El viento de los dos días anteriores había remitido considerablemente. De vez en cuando soplaba alguna ráfaga helada desde Las Lomas, como si la noche suspirara, pero incluso aquellas ráfagas acabarían por desaparecer, y la intensidad del frío sugería que mañana serían sustituidas por la niebla.

Pasaban unos minutos de las diez. El concierto de jazz había terminado momentos después de dejar a Victor Troughton, y las voces de los estudiantes que se llamaban entre sí todavía se oían, mientras el público se dispersaba. Sin embargo, nadie vino en dirección a ellos. Y considerando la hora y la temperatura, Lynley juzgó improbable que alguien fuera a molestarlos en aquella apartada terraza sobre el río.

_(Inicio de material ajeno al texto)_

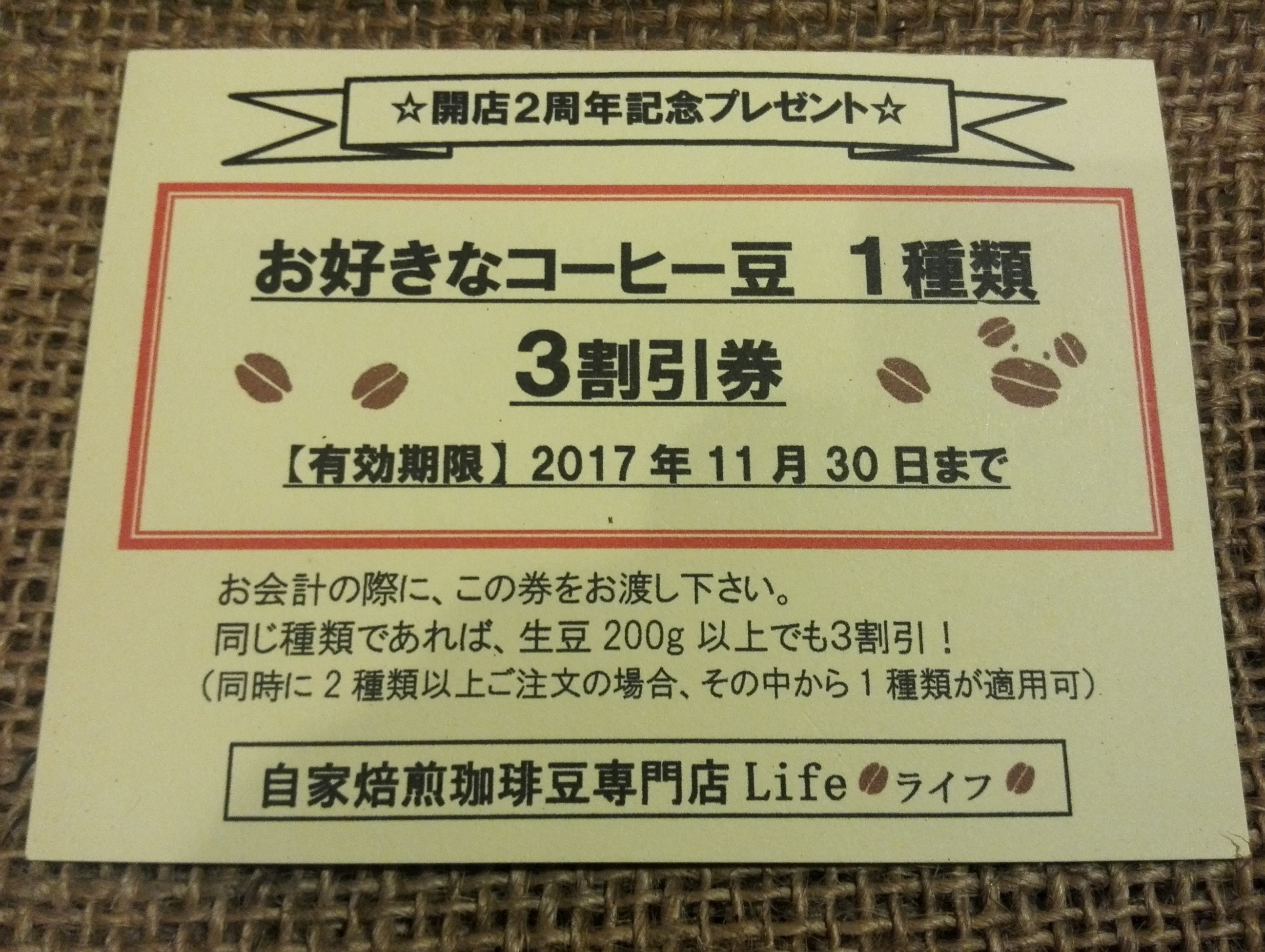 1組様1枚、お好きなコーヒー豆1種類3割引券をお配り致します!

Escogieron un banco situado en el extremo sur de la terraza, protegido del viento por un muro que separaba el jardín de los profesores del resto del College. Lynley se sentó, atrajo hacia sí a lady Helen y la rodeó con el brazo. Apretó los labios contra su cabeza, más por necesidad de contacto físico que como expresión de afecto, y el cuerpo de lady Helen, en respuesta, pareció adaptarse a la curva de su brazo y produjo una presión constante y suave contra él. No dijo nada, pero Lynley sabía muy bien en qué estaba pensando.

Al parecer, Víctor Troughton había aprovechado la oportunidad de hablar por primera vez de su secreto más oculto. Como la mayoría de la gente que vive en la mentira, se había lanzado sobre esa oportunidad como un desesperado. Mientras narraba la historia, Lynley había observado que la simpatía inicial de lady Helen hacia Troughton (tan característica de ella, al fin y al cabo) se iba transformando poco a poco. Cambió su postura y se apartó unos centímetros del hombre. Sus ojos se nublaron. Y, a pesar de que estaba llevando a cabo un interrogatorio crucial para la investigación de un asesinato, Lynley descubrió que miraba a lady Helen tanto como escuchaba a Troughton. Quería excusarse ante ella (excusar a todos los hombres) por los pecados contra las mujeres que Troughton recitaba sin aparentar el menor remordimiento de conciencia.

El historiador había encendido un tercer cigarrillo con la colilla encendida del anterior. Había tomado más coñac y, mientras hablaba, mantenía la vista fija en el licor y en el pequeño óvalo amarillo que la luz del techo reflejaba en el coñac. En todo momento habló con voz baja y sincera.

– Quería vivir. Es la única excusa que tengo, y no vale gran cosa. Quería preservar mi matrimonio por el bien de mis hijos. Quería ser un hipócrita y fingir que era feliz, pero no quería vivir como un cura. Lo hice durante dos años; estuve muerto durante dos años. Quería volver a vivir.

– ¿Cuándo conoció a Elena? -preguntó Lynley.

Troughton desechó la pregunta con un ademán. Parecía decidido a contar la historia a su manera.

– La vasectomía no tuvo nada que ver con Elena -prosiguió-. Me limité a tomar una decisión sobre mi estilo de vida. Al fin y al cabo, vivimos en una época de promiscuidad sexual, así que decidí ponerme a disposición de las mujeres. Y como no quería correr el riesgo de un embarazo no deseado, o el riesgo de ser atrapado mediante engaños por una mujer, me sometí a la operación. Y salí a la caza.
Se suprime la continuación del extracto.